===== Data section =====

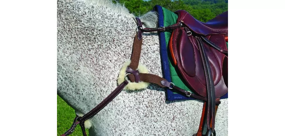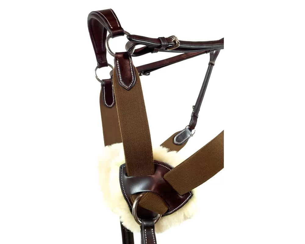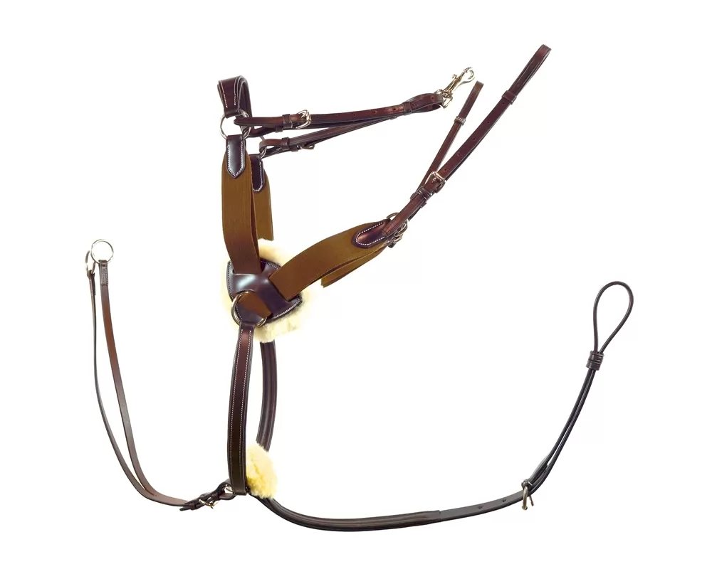Nunn Finer Five Way Breastplate. Five contact points provide a fantastic and secure fit. Beautifully designed, easy to adjust and made to last. Made of American leather. Matching running attachment included.olors: Havana with zinc fittings
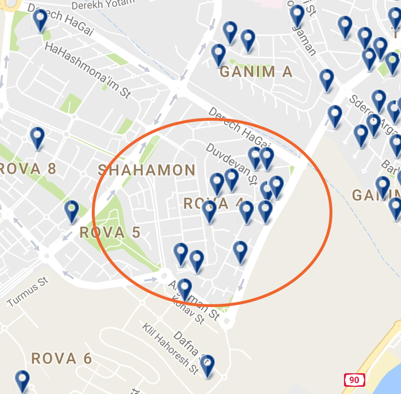 - Городской центр (районы Hamerkaz (1), Tzofit, Amdar (3).
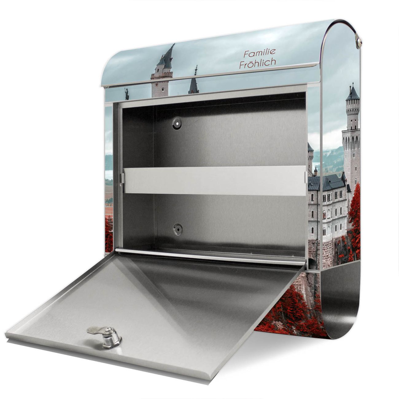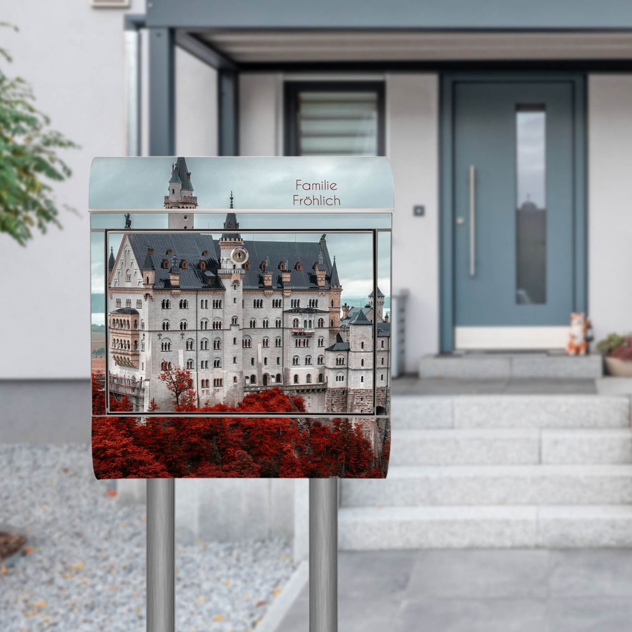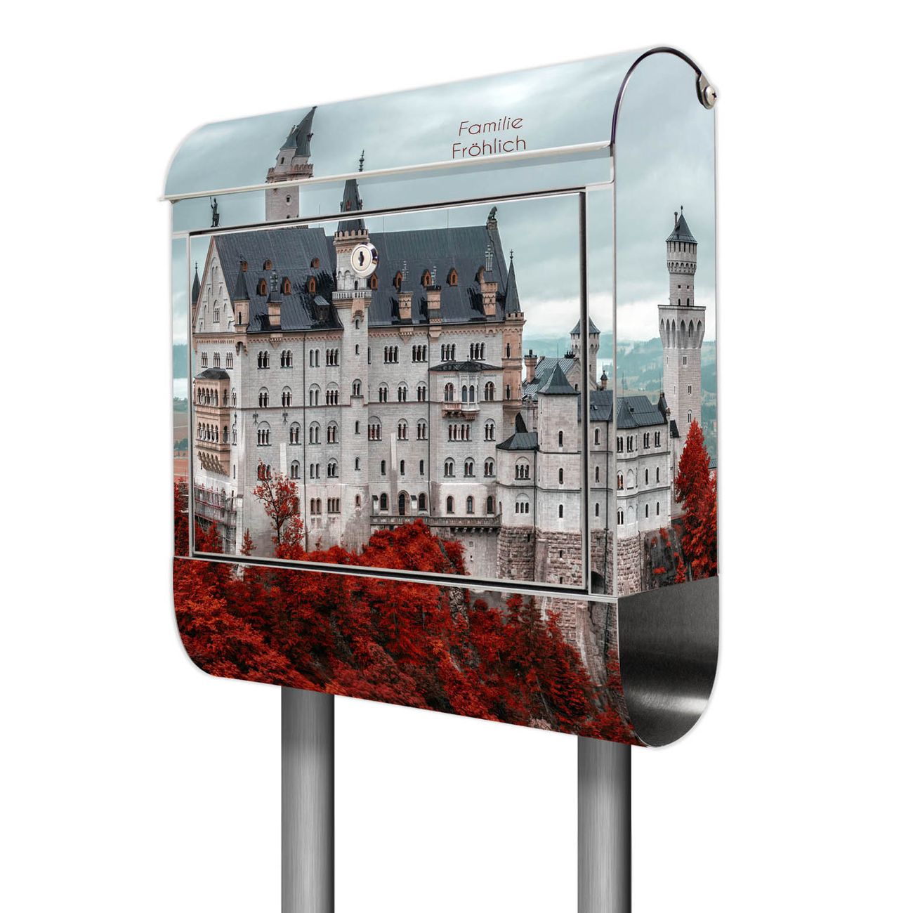 Der banjado Edelstahl Standbriefkasten mit Motiv Neuschwanstein und eigenem Wunschtext bietet Ihnen mit seinem Fassungsvermögen genügend Platz auch für große A4 Sendungen. Das integrierte Zeitungsfach eignet sich hervorragend, um unkompliziert die Tageszeitung zu fassen.
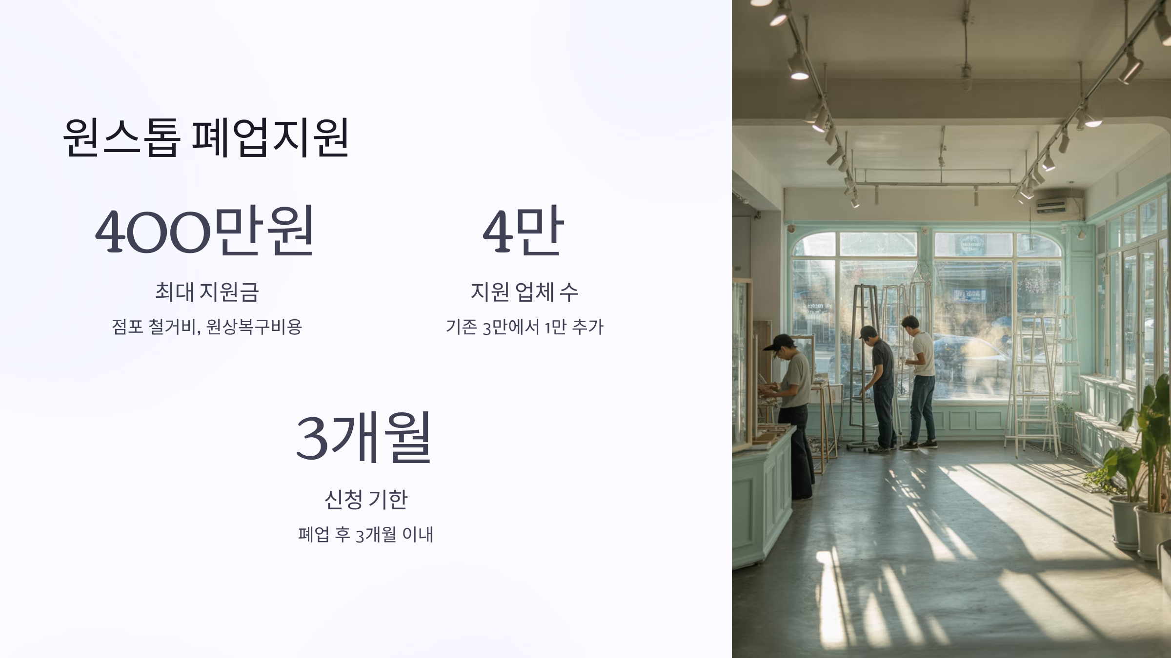 🧱 1. 원스톱 폐업지원 – 점포 철거비 최대 400만 원
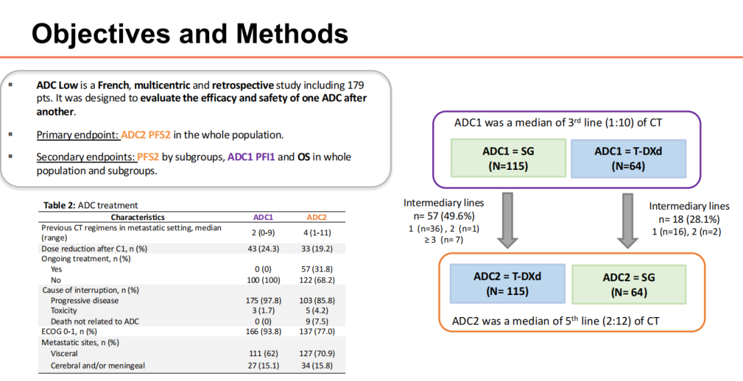 研究方法:我们对19个法国综合癌症中心进行了回顾性研究。所有HR+或HR-/HER2-low MBC患者均接受SG治疗,随后立即接受T-DXd(或反之亦然)。HR表达是在最后可用的肿瘤样本上定义的。该研究的主要目标是报告整个人群的第二个ADC(ADC2)无进展生存期(PFS)。次要目标包括整个人群中的首次ADC(ADC1)无进展间期(PFI)和总生存期(OS)以及按HR状态进行的亚组分析。
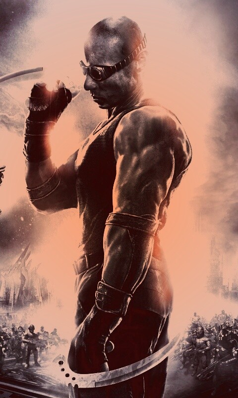 Обои для рабочего стола «Риддик с клинками» 480х800 с фильтром toaster (оригинал 2560х1575)

=====

Aim of the task:
Reproduce all of the entries exactly as they appear, though any picture they include must be omitted.

Task response:
Nunn Finer Five Way Breastplate. Five contact points provide a fantastic and secure fit. Beautifully designed, easy to adjust and made to last. Made of American leather. Matching running attachment included.olors: Havana with zinc fittings
 - Городской центр (районы Hamerkaz (1), Tzofit, Amdar (3).
 Der banjado Edelstahl Standbriefkasten mit Motiv Neuschwanstein und eigenem Wunschtext bietet Ihnen mit seinem Fassungsvermögen genügend Platz auch für große A4 Sendungen. Das integrierte Zeitungsfach eignet sich hervorragend, um unkompliziert die Tageszeitung zu fassen.
 🧱 1. 원스톱 폐업지원 – 점포 철거비 최대 400만 원
 研究方法:我们对19个法国综合癌症中心进行了回顾性研究。所有HR+或HR-/HER2-low MBC患者均接受SG治疗,随后立即接受T-DXd(或反之亦然)。HR表达是在最后可用的肿瘤样本上定义的。该研究的主要目标是报告整个人群的第二个ADC(ADC2)无进展生存期(PFS)。次要目标包括整个人群中的首次ADC(ADC1)无进展间期(PFI)和总生存期(OS)以及按HR状态进行的亚组分析。
 Обои для рабочего стола «Риддик с клинками» 480х800 с фильтром toaster (оригинал 2560х1575)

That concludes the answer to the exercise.